I want to go to college without getting into debt… and my stepfather wants to kick me out! Could GoFundMe help?
We applaud your efforts, say our elders. Can you find a compromise with your family first?
I’m 20 years old. I’m working at Wendy’s part-time and owe $3,000 on student loans on a school I didn’t even finish. I now want to go to trade school to pursue a new passion. The trade school is $10k. I do not want to take any more loans. My family doesn’t/can’t help much. I really want to start trade school to be an esthetician but I can’t. On top of that my stepdad wants to kick me out of the house in January. He wants me to move out with my boyfriend. I don’t know what to do. I’m basically pressuring my boyfriend to move out when I know he’s scared to! I’m putting him in a position he isn’t ready to be in. He does want to move out but he wants to save more money first. I have no other choice as my stepdad wants to kick me out!
My problem is not moving out. I know that me and my boyfriend will be able to figure out living in a studio and paying bills. I don’t know what to do because I really want to go to school. I have no idea how I’m going to get money for school. All my money will be going to living expenses soon. I don’t want to be in debt. I’m thinking about making a GoFundMe hoping I can get some help with school. I’m hoping financial aid will help me once I’m living on my own. What do I do? I applied for scholarships and other things like that. Please help.
We are a group of seniors living in a retirement community and we’re glad that you wrote to Elder Wisdom Circle and we are sorry to hear that you are struggling as you try to determine what your next steps to your future are. It seems unfortunate to us that your stepfather is being so adamant about his desire for you to move out. Some of us are wondering if it would be possible for you to sit down with him and possibly your mother and see if there were any other compromises that could be made that would allow you to continue living under their roof? Would you be able to pay them a partial rent to continue to live there instead of having to commit to an obligation of a lease or rental property? That can really blow through your money?! Some other things we want you to think of the effort that you put forth to help around the house? Do you chip in with chores and pick up after yourself? Are there things that you could be doing better that would allow him to grant you a little more time to decide what your future might look like before he puts you out on the street?

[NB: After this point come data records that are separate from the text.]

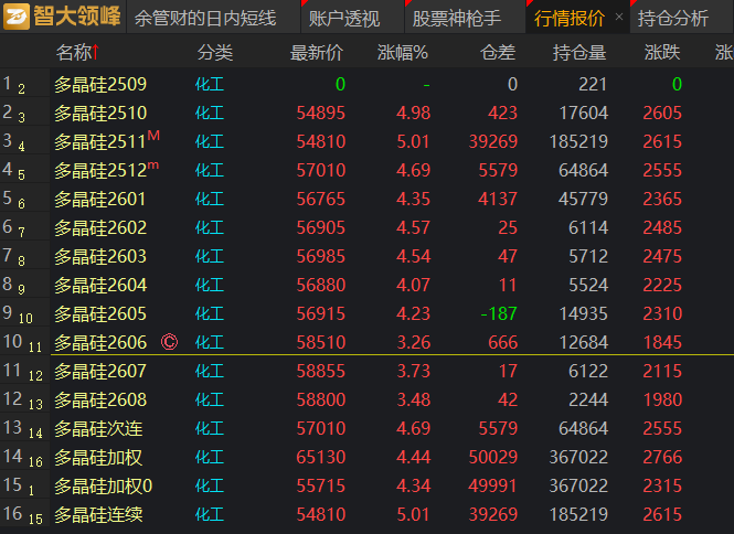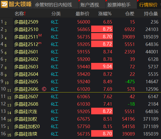 到下午两点多,多晶硅主力冲击涨停,远期已经突破6.1万大关。多头赢麻了。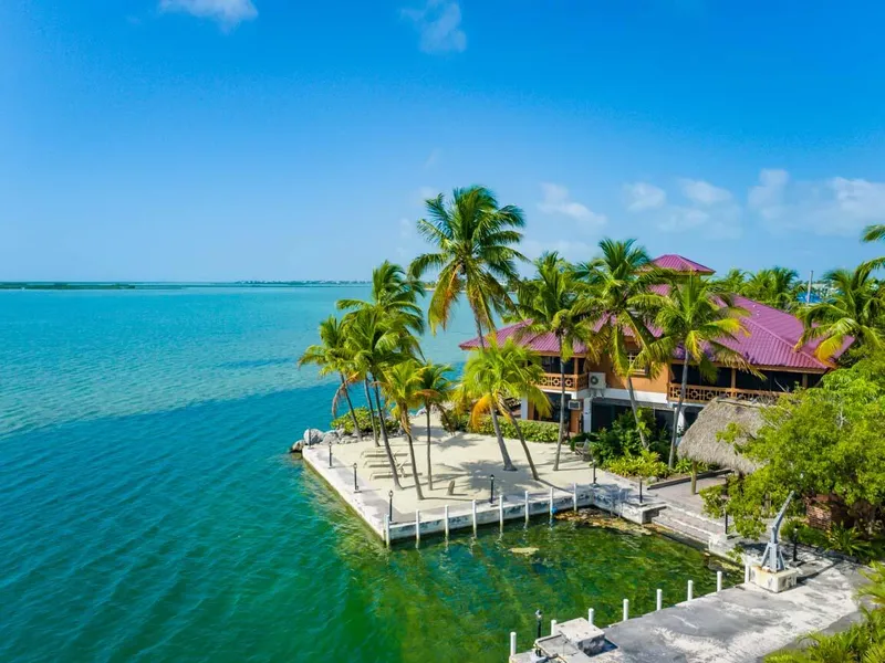 Gorgeous sunset views over Sugarloaf Sound from this Polynesian-inspired home. Immerse yourself in this tropically landscaped 17,500 sq. ft. point lot paradise. This 3 bedroom 3 bathroom plus loft home offers expansive water views from all angles and is accented by an open floor plan, soaring wood beam ceilings, and spacious bedrooms. Walls of glass and a large wrap around screened porch surround the Great Room, making indoor/outdoor living a breeze! After a day on the water, dock your boat at the concrete dock, complete with boat cut-in, and relax on the sandy waterfront beach or sip cocktails in the colossal covered screened lanai.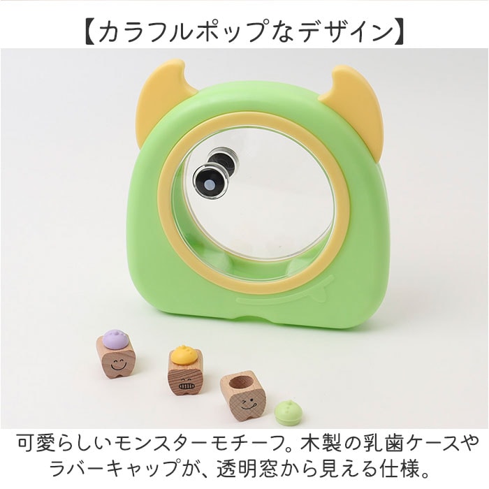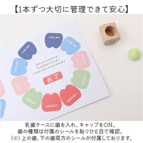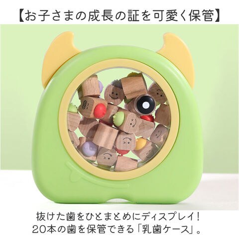 | 商品説明 | 【お子さまの成長の証を可愛く保管】抜けた歯をひとまとめにディスプレイ!20本の歯を保管できる「乳歯ケース」。【カラフルポップなデザイン】可愛らしいモンスターモチーフ。木製の乳歯ケースやラバーキャップが、透明窓から見える仕様。【1本ずつ大切に管理できて安心】乳歯ケースに歯を入れ、キャップをON。歯の種類は付属のシールを貼りひと目で確認。(※)上の歯、下の歯両方のシールが付属しております。【作業がラクになるアイテム付き】乳歯の固定や深さ調整に便利な脱脂綿、歯を掴むピンセットが付属。【幸せに育つように願いを込めて】産毛を入れておけるミニボトルと、願いを書き込めるウィッシングペーパー。乳歯と一緒に保管。【生まれた日の記録を一緒に】名前や誕生日など、お子さまのプロフィールを書き込めるシート付き。 |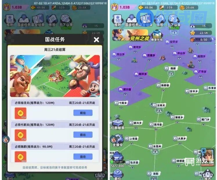 6、周三周五的国战任务,任务开始前先把路打通推到任务城之前,提前预留兵力保证晚上满状态进行任务。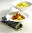 Season to taste with salt, pepper and sugar. Let it cool down a little bit. Clean, wash and drain the rocket. Drain the pasta, rinse with cold water and put it back into the pot. Add the rocket and vinaigrette to the pasta and mix everything together.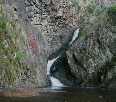 瀑布下面的深潭大約5米,黝黑無(wú)底,俗呼“大腳桶潭”。
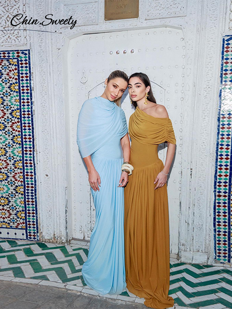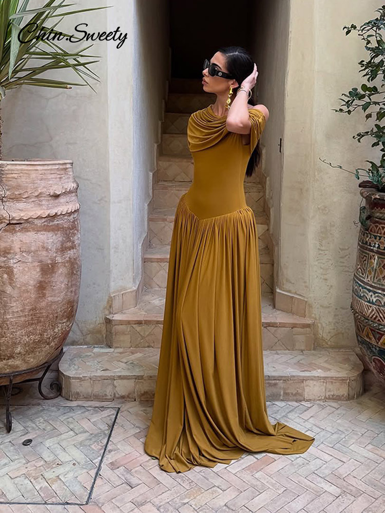 Elegant Pleat One Shoulder Long Dress Women Solid Backless Slash Neck Slim Dresses 2025 Summer Lady Beach Party Vacation Robes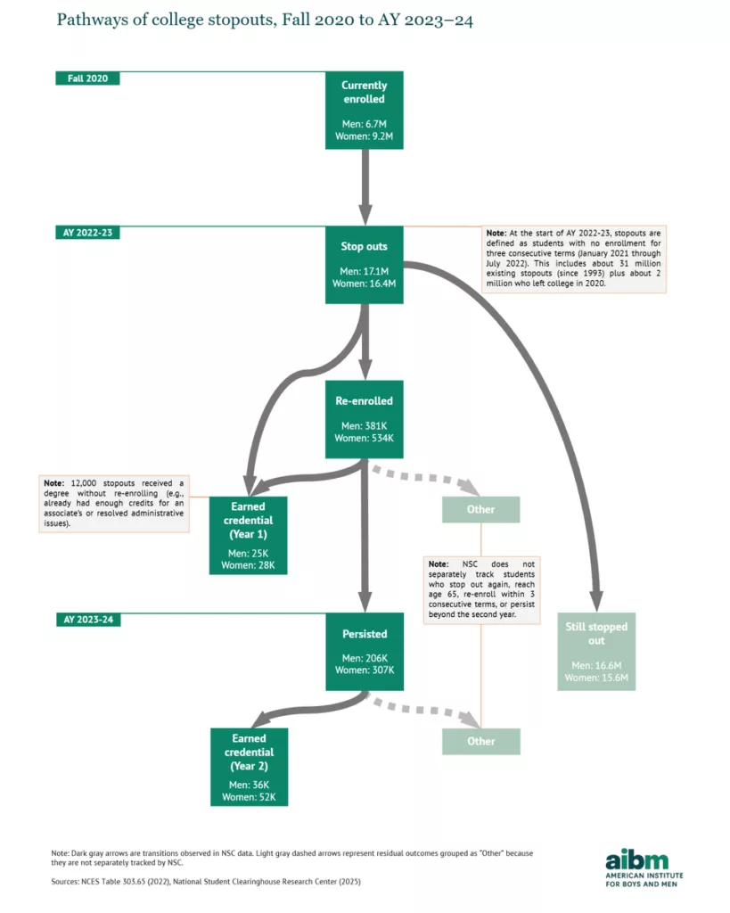 Even when men do start college, they are substantially more likely than women to leave without a credential—and far less likely to return and finish. The result is a large and growing population of men who have assumed many of the costs of college without its corresponding benefits. This points to a second, often overlooked lever: re-engagement—helping the millions of men who have already started college to return, persist, and earn a credential.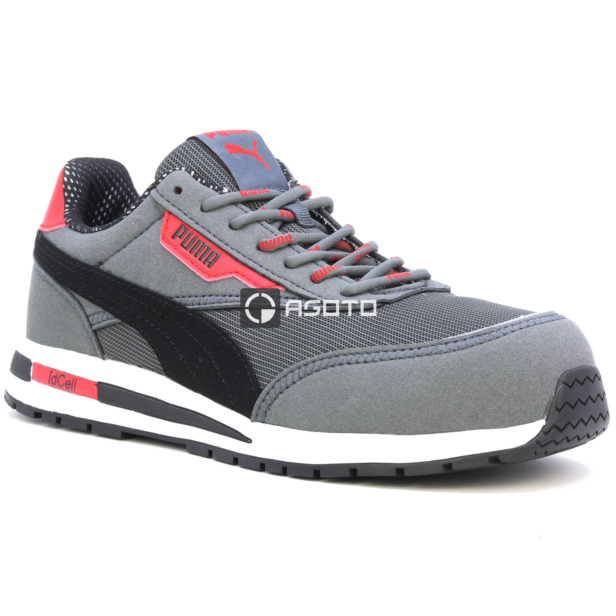 Pracovní obuv Puma RIDER GREY LOW je navržena pro profesionály, kteří vyžadují špičkovou bezpečnost, komfort a spolehlivost po celý pracovní den. Díky lehké ochranné špičce z laminátového skla a flexibilnímu nekovovému FAP®-vložkovému systému proti propíchnutí poskytuje obuv maximální ochranu bez zbytečné hmotnosti. Kovově nezávislá konstrukce splňuje normy ESD, takže je ideální pro citlivá pracovní prostředí. Prodyšný svršek z kombinace sandwich-meshe a odolné mikrovlákna zajistí výbornou cirkulaci vzduchu a dlouhou životnost i při náročném používání. Vnitřní podšívka BreathActive efektivně odvádí vlhkost a udržuje nohy suché, zatímco anatomicky tvarovaná stélka evercushion® CUSTOM FIT MID přináší pohodlí i při dlouhých směnách. Protiskluzová URBAN gumová podešev s technologií idCELL a integrovaným rotačním bodem zajišťuje skvělou přilnavost i na horkém povrchu do 300 °C, což z této obuvi činí ideálního společníka pro práci v průmyslu, logistice nebo dílnách.

It’s wonderful that your boyfriend is willing to move out with you (even if it is tentatively, however, we respect his desire to want to save more money while you can). As far as accumulating more debt, we hugely admire your desire to be smart about your future regarding your finances. If you truly don’t want to accumulate more debt than it sounds like you’re going to have to start working full-time and save money to be able to attend the school that you wish to attend. It’s not uncommon for people to acquire loans for their schooling and we are from the old school and believe that you should work for what you want. We applaud your efforts for grants, scholarships and any other type of financial support you can get. While we’re not completely familiar with the GoFundMe page we have enough knowledge (to be dangerous) to think that those types of pages should be used for people that are in either a health crisis or having and experiencing some type of tragedy in their life. We know other people do use it for crazy reasons too and we guess on the one hand if you can get people to support your goal for education, more power to you.
We all agree that one of the most difficult things about growing up is having to make decisions and choices, especially when we’re not sure what the right one is. But don’t allow fear to stop you from reaching your dreams and if you really want to go to school then we don’t think not having financials that stop you. Be honest with your family ask him if there’s anything you can do to have their support and you’re not talking about financial support! We think you sound like a lovely young woman and feel pretty confident that you will be about to determine what will work for you. Remember a little hard work never hurt anyone and sometimes when we have to work hard for something that it is sweeter when we reach our goals! We are really wishing you the best of luck as you work towards your new goals!